DeepSpeed icon indicating copy to clipboard operation
DeepSpeed copied to clipboard

Make deepspeed.zero.Init() idempotent

Open eisene opened this issue 1 year ago • 15 comments

This is a proposed fix for #3202, it makes the deepspeed.zero.Init() context ignore any nested enters, ie any additional enters that were not preceded by an exit.

It also fixes some whitespace and fixes a forgotten cls._old_init in init_subclass in the Init() context entry.

eisene avatar Apr 12 '23 21:04 eisene

@eisene, thanks for this PR. Can you please check for similarities with #2989?

tjruwase avatar Apr 12 '23 22:04 tjruwase

Unless I'm misunderstanding something, this is what I see:

First of all, in #2989 the test TestNewClassDeclaredInsideInit defined inside tests/unit/runtime/zero/test_zero_dynamic_class.py appears to have a bug. It should test whether model.fc.weight has the ds_id attribute without initializing the deepspeed_engine. The way it's implemented right now it always passes even if I comment out the two lines

            cls.__init__ = partition_after(cls.__init__)

in partition_parameters.py. However, when checking for the attribute on model.fc.weight without initializing the deepspeed_engine, I get the expected failure when commenting out the above two lines.

In my pull request, the test TestNewClassDeclaredInsideInitFailure.test_new_class_declared_inside_init_failure fails because my way of doing it doesn't crash if you define a new class inside the Init() context. In my way of doing things I believe this is the correct behavior and there shouldn't be any problems with partitioning the parameters of such subclasses. This is because I add the line

        def _init_subclass(cls, **kwargs):
            cls._old_init = cls.__init__    # <-- THIS IS THE ADDED LINE
            cls.__init__ = partition_after(cls.__init__)

This activates partitioning for all subclasses that are defined inside an Init() context. This seems to have been the desired behavior to begin with, except someone forgot to set the _old_init?

In the other pull request #2989 the all_wrapped_classes set boils down to enforcing the behavior that _init_subclass is only ever called together with _enable_class. This is why it never crashes because _old_init is missing, because it's always set inside _enable_class. But wouldn't it just be better to set _old_init inside _init_subclass? That seems to guarantee that all subclasses, whether they're dynamic or whatever, wherever they're defined, are always partitioned.

So in my way of doing things there should not be a RuntimeError in TestNewClassDeclaredInsideInitFailure.test_new_class_declared_inside_init_failure and instead everything should behave correctly in this case. I can add these tests to my pull request and change the test_new_class_declared_inside_init_failure to be a test_new_class_declared_inside_init without a failure, to check whether the MyModel class was processed by DeepSpeed by checking for the ds_id attribute on model.fc.weight?

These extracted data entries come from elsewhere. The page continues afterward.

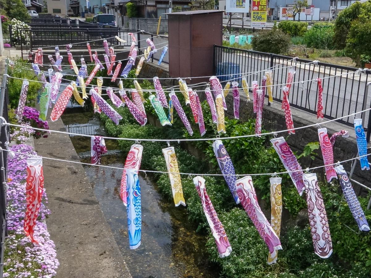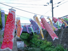 彦根市小泉町を流れる戸賀川(とががわ)に現在、色鮮やかな「こいのぼり」が飾られ、訪れる人を楽しませている。
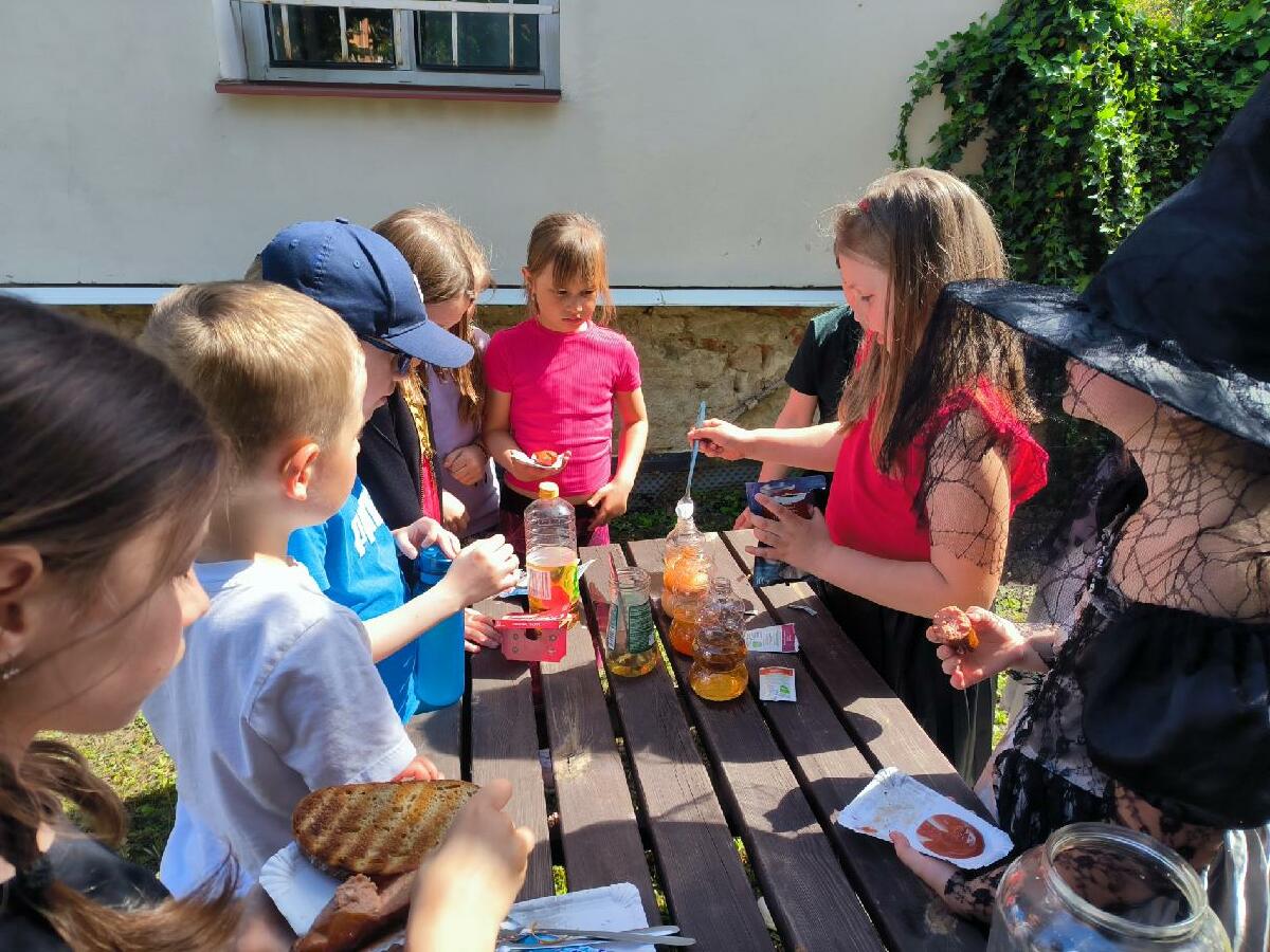 Děti se s nadšením zapojily do nejrůznějších soutěží, které pro ně připravili hostitelé. Nechyběly ani napínavé a zábavné čarodějnické pokusy, při kterých si malí kouzelníci a čarodějnice mohli vyzkoušet nejrůznější lektvary.Kromě sladkého a slaného pohoštění ve stylovém čarodějnickém provedení si děti pochutnaly i na výborných buřtech.
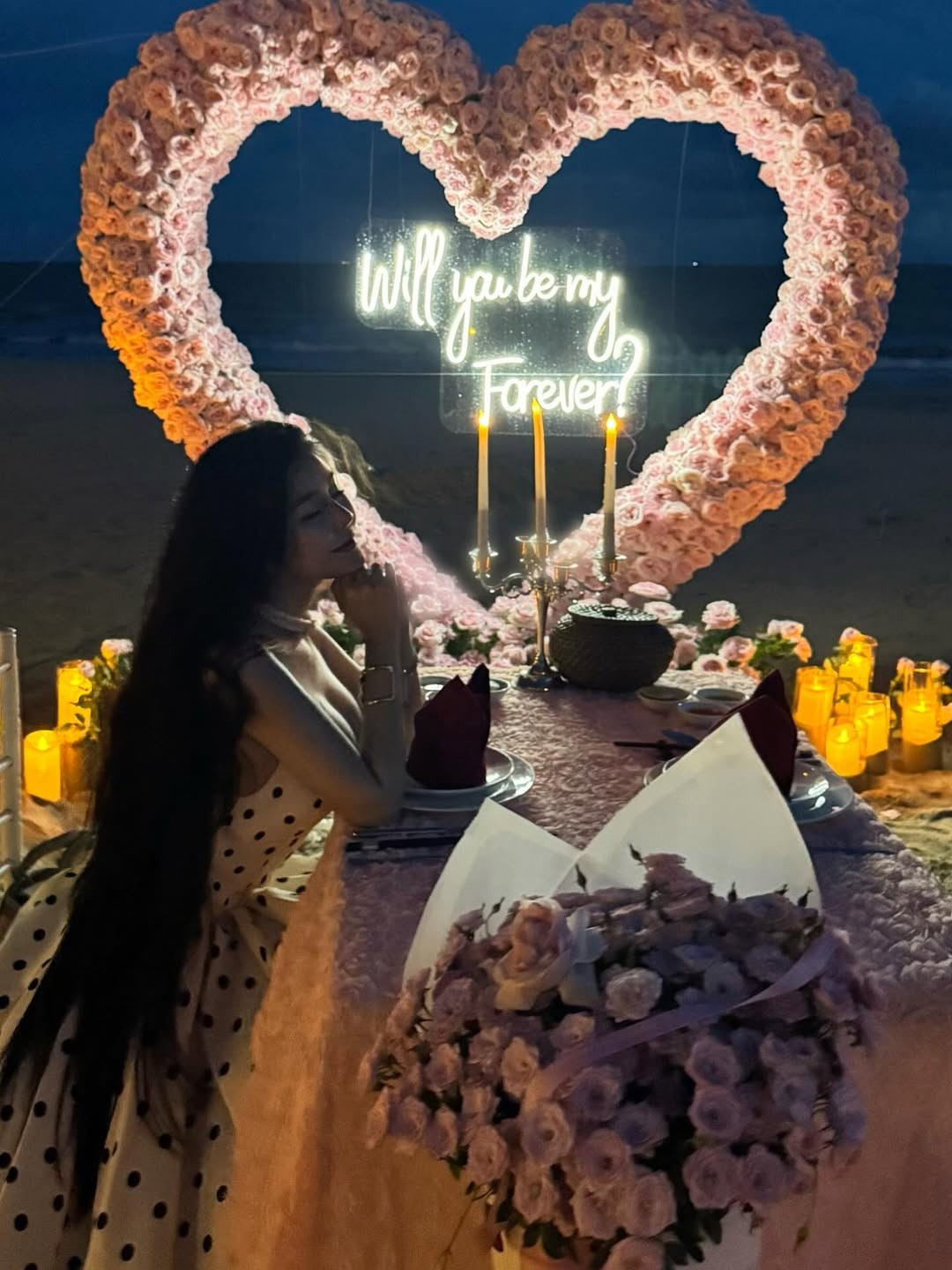 Không gian được trang hoàng bằng hàng nghìn đóa hồng pastel kết thành hình trái tim khổng lồ, cùng ánh nến lung linh và dòng chữ neon lãng mạn "Will you be my Forever?". (Ảnh: IGNV)

eisene avatar Apr 13 '23 21:04 eisene

This is the change I'm proposing to the test:

# Copyright (c) Microsoft Corporation.
# SPDX-License-Identifier: Apache-2.0

# DeepSpeed Team

import torch

from unit.common import DistributedTest

import deepspeed


class TestNewClassDeclaredInsideNestedInit(DistributedTest):
    world_size = 1

    def test_new_class_declared_inside_nested_init(self):
        ds_config = dict(train_batch_size=1, zero_optimization=dict(stage=3))

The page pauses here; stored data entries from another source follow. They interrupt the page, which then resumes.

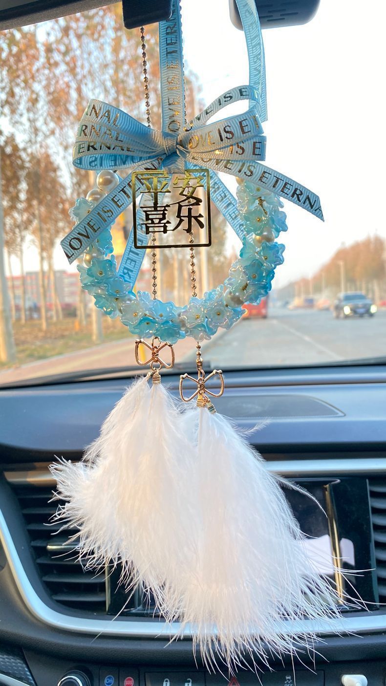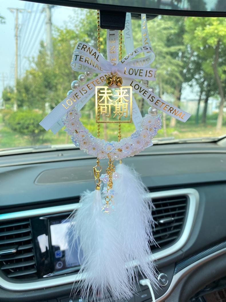 【車の好物】車内の羽の仙気のふわふわした雰囲気感の蝶結びの羽のバックミラーのペンダント
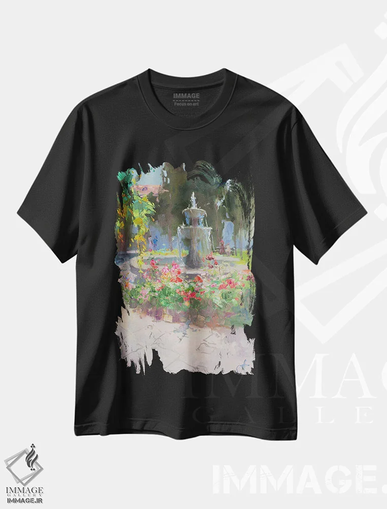 تیشرت مشکی طرح دار فواره ایتالیایی، هنر فاخر معاصر اثر کنتس آرت | immage.ir
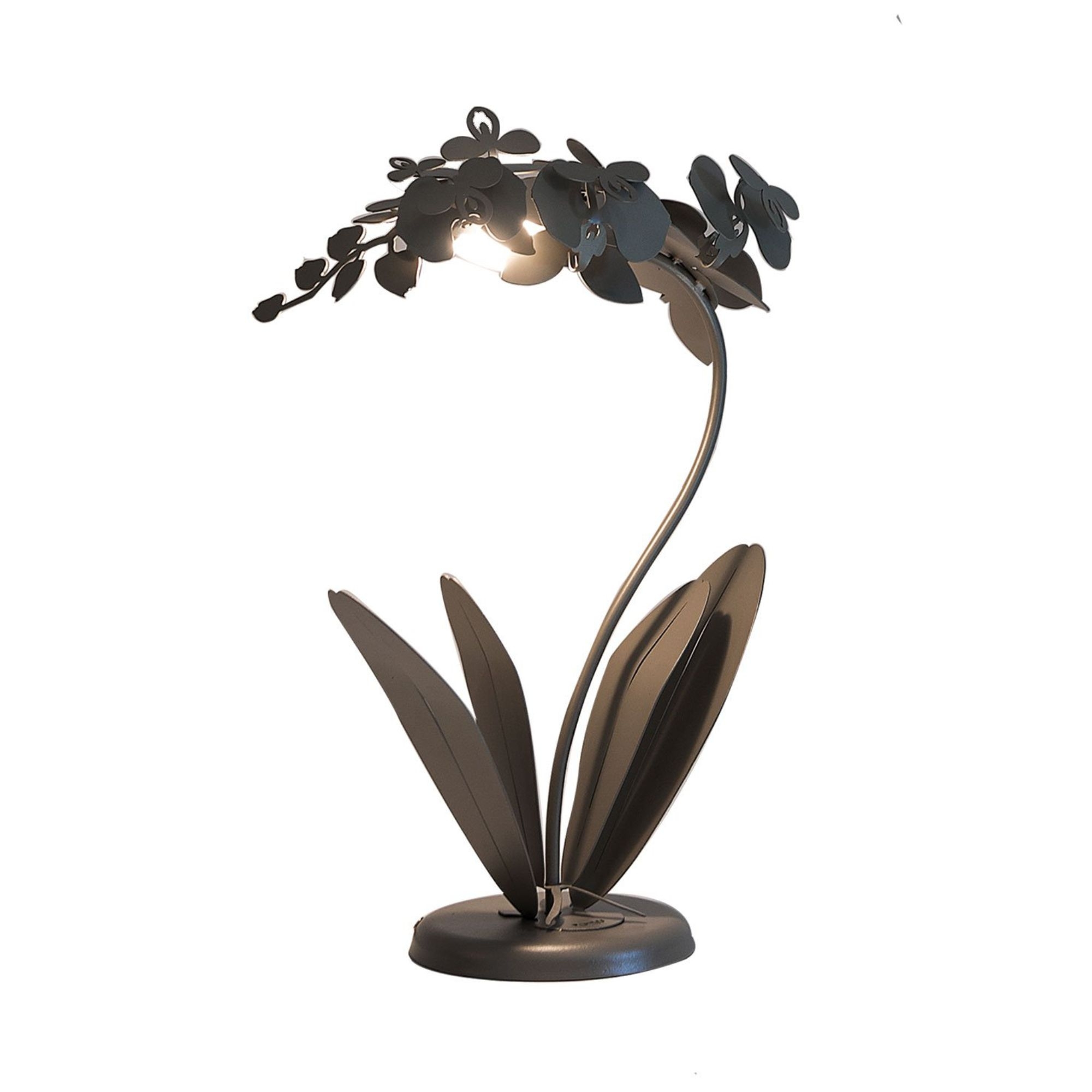 Lampada da tavolo Orchidea realizzata in ferro. Appartiene ad un’intera linea ispirata alle orchidee, è disponibile in tre variante colore (bianco, bronzo, sabbia). Il ferro è il materiale di punta del brand che viene tagliato a laser per mescolarsi con i colori e restituire un mood leggero e contemporaneo. La lampada è fornita di attacco E14. Lampadina non inclusa. Realizzata da Arti e Mestieri.
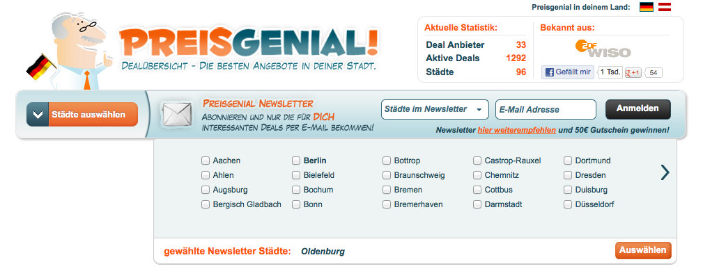 Ebenso interessant finde ich den personalisierten Newsletter. Dieser lässt sich auf den eigenen Wohnort (oder die nächstgelegene, größere Stadt) einstellen und liefert dann nur Deals aus der gewünschten Region. Was interessieren mich in Norddeutschland auch Deals aus Süddeutschland oder umgekehrt? Eben. Preisgenial.de listet momentan 34 verschiedene Deal-Anbieter. Neben den bekannten Anbietern wie QypeDeals, Groupon, Dailydeal und Co. sind auch kleinere Anbieter sowie speziellere Dienste dabei. Biodeals.de listet beispielsweise ausschließlich Bio-Deals, familydeal nur Deals für Familien.

        with deepspeed.zero.Init(config_dict_or_path=ds_config):

            class MyModel(torch.nn.Module):

                def __init__(self):
                    super().__init__()
                    self.fc = torch.nn.Linear(4, 4)

            with deepspeed.zero.Init(config_dict_or_path=ds_config):
                model = MyModel()

        # deepspeed_engine, *_ = deepspeed.initialize(model=model, config_params=ds_config)
        # ensure that zero3 processed the parameter
        # assert hasattr(deepspeed_engine.fc.weight, "ds_id")
        assert hasattr(model.fc.weight, "ds_id")


class TestNewClassDeclaredInsideInit(DistributedTest):
    world_size = 1

    def test_new_class_declared_inside_init(self):
        ds_config = dict(train_batch_size=1, zero_optimization=dict(stage=3))

        with deepspeed.zero.Init(config_dict_or_path=ds_config):

            class MyModel(torch.nn.Module):

                def __init__(self):
                    super().__init__()
                    self.fc = torch.nn.Linear(1, 1)

            model = MyModel()
        # ensure that zero3 processed the parameter
        assert hasattr(model.fc.weight, "ds_id")

Both of these tests should pass in my PR.

eisene avatar Apr 13 '23 21:04 eisene

@stas00, FYI

tjruwase avatar Apr 14 '23 02:04 tjruwase

@jeffra and @samyam, FYI

tjruwase avatar Apr 14 '23 02:04 tjruwase

The HF accelerate tests fail because deepspeed.initialize calls shutdown_init_context directly. Then it's called again during __exit__, causing the counter to go negative. So I made shutdown_init_context also idempotent.

This clearly seems to be the intended behavior. Whoever wrote deepspeed.initialize seems to have known that there would be a second call to shutdown_init_context and expected it to do nothing.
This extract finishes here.